Les relations entre les Etats-Unis et la Palestine se sont tendues le 18 novembre. La Maison Blanche a annoncé vouloir fermer la représentation de l’Organisation de libération de la Palestine à Washington. En réaction, l’Autorité palestinienne menace de rompre ses relations. Explications sur cette subite escalade. « Nous suspendrons toutes nos communications avec l’administration américaine », c’est la menace lancée par Saeb Erakat, secrétaire général de l’Organisation de libération de la Palestine. Washington a annoncé samedi 18 novembre à l’Autorité palestinienne que son autorisation pour la représentation de l’OLP aux Etats-Unis ne serait pas renouvelée, cette autorisation doit être validée tous les six mois par le gouvernement américain. L’OLP est représentée à Washington depuis 1980 et c’est la première fois qu’un président américain menace ouvertement d’interdire sa présence aux Etats-Unis. Cette décision tombe mal, car les principaux groupes rivaux palestiniens doivent prochainement se réunir au Caire, dans un effort de réconciliation amorcé le mois dernier. Et les Etats-Unis jouent un rôle important dans ce processus de paix. Saeb Erakat déplore la décision américaine : « A un moment où nous nous efforçons de coopérer pour parvenir à un accord (de paix avec les Israéliens), les Etats-Unis décident de telles démarches qui sont à même de saper la totalité du processus de paix », a-t-il déclaré. La fermeture du bureau de l’OLP n’est pas encore effective, Washington a annoncé donner 90 jours aux Palestiniens pour convaincre Donald Trump de leur engagement dans le processus de paix avec Israël.

 

PREPARATION POUR LE SOMMET DE SOTCHI SUR LA SYRIE – AFP, 19 novembre.

Les chefs de la diplomatie russe, iranienne et turque se sont réunis ce dimanche 19 novembre en Turquie pour s’entretenir de la Syrie, à quelques jours d’un sommet trilatéral crucial consacré à ce pays déchiré par la guerre. Le Russe Sergueï Lavrov, l’Iranien Mohammad Javad Zarif et leur hôte turc Mevlüt Cavusoglu se sont retrouvés ce dimanche 19 novembre à Antalya (sud de la Turquie) pour une réunion à huis clos qui a débuté en fin de matinée, a indiqué un haut responsable turc, sans fournir davantage de détails. Cette réunion visait à préparer un sommet qui se tiendra mercredi 22 novembre dans la station balnéaire russe de Sotchi en présence des présidents russe Vladimir Poutine, iranien Hassan Rohani et turc Recep Tayyip Erdogan, dont les pays jouent un rôle important en Syrie.

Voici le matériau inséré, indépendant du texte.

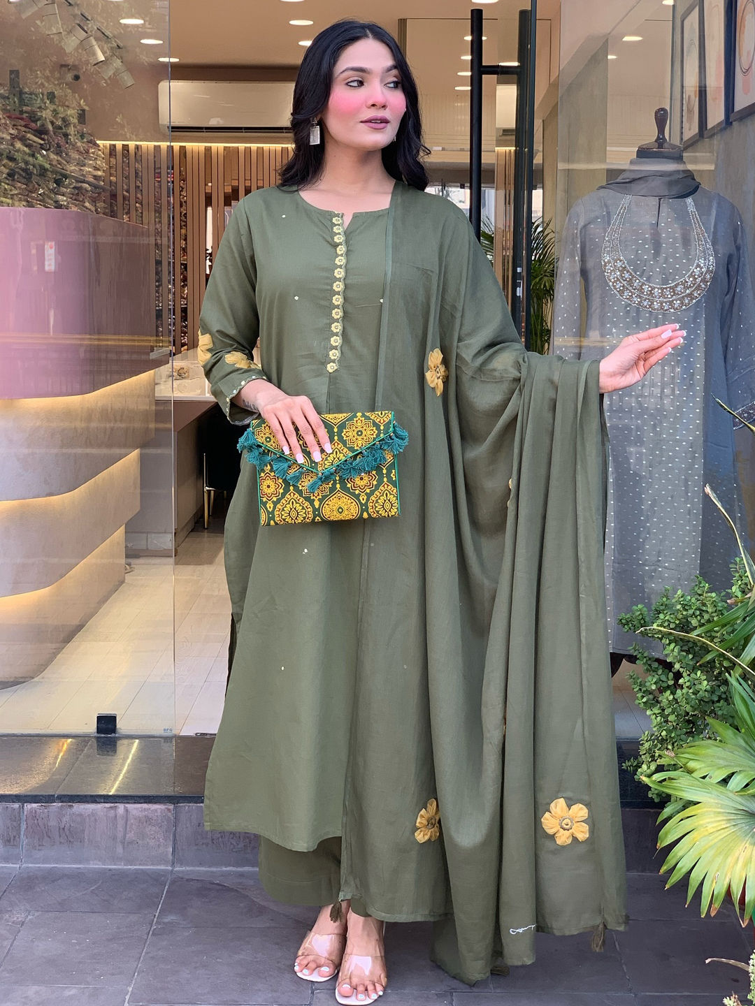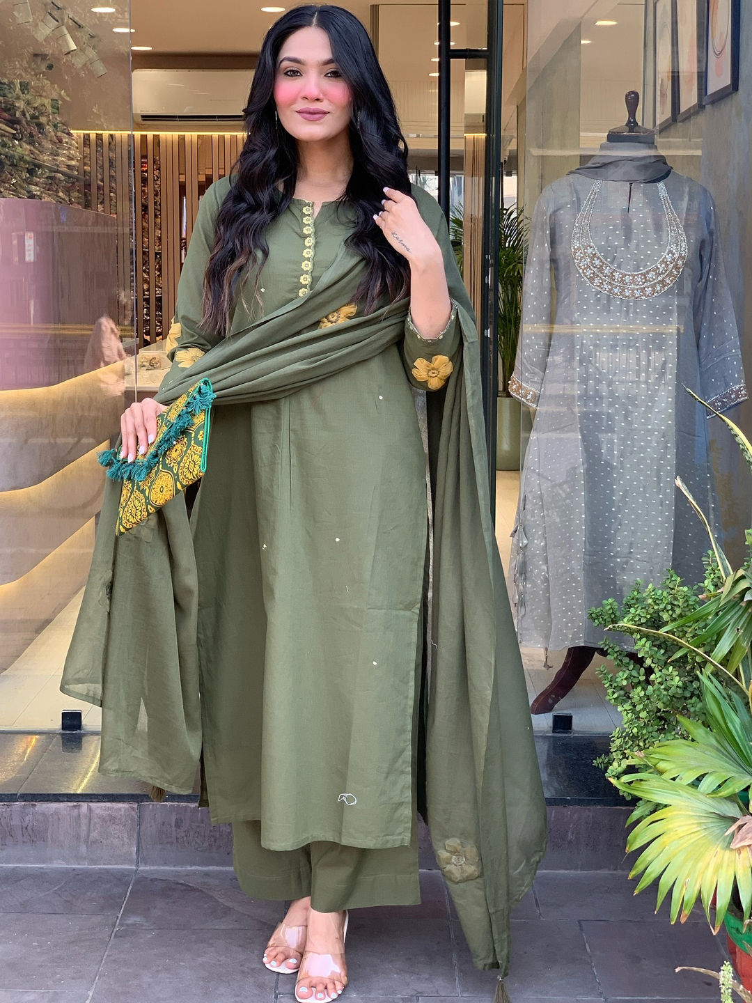 in Green with Thread work

Moscou, Téhéran et Ankara parrainent ainsi un accord visant à réduire l’intensité des combats pour préparer le terrain à une solution politique au conflit syrien qui a fait plus de 330 000 morts et provoqué le déplacement de millions de personnes depuis mars 2011. Cet accord d’Astana, du nom de la capitale kazakhe où il a été négocié, a permis d’instaurer des « zones de désescalade » prévoyant l’arrêt des combats. Dans ce cadre, la Turquie a notamment déployé des troupes dans la province rebelle d’Idleb (nord-ouest). La Russie et l’Iran soutiennent le président syrien Bachar el-Assad, alors que la Turquie appuie les rebelles qui cherchent à le renverser, même si Ankara a mis en sourdine ces derniers mois ses critiques les plus dures à l’endroit du régime de Damas. Malgré leurs positions contradictoires, la Turquie et la Russie, qui ont traversé une grave crise diplomatique après que l’aviation turque eut détruit en novembre 2015 un appareil russe au-dessus de la frontière syrienne, ont mis ces derniers mois leurs différends de côté pour coopérer sur le dossier syrien. Les trois diplomates en chef se sont entendus sur « tous les points clés », a indiqué dans un communiqué M. Lavrov, sans davantage de précisions. « Grâce au processus d’Astana, nous avons permis d’affermir le cessez-le-feu sur le terrain à l’aide des "zones de désescalade" », a déclaré de son côté M. Cavusoglu après la réunion à Antalya, selon des propos rapportés par l’agence de presse étatique turque Anadolu.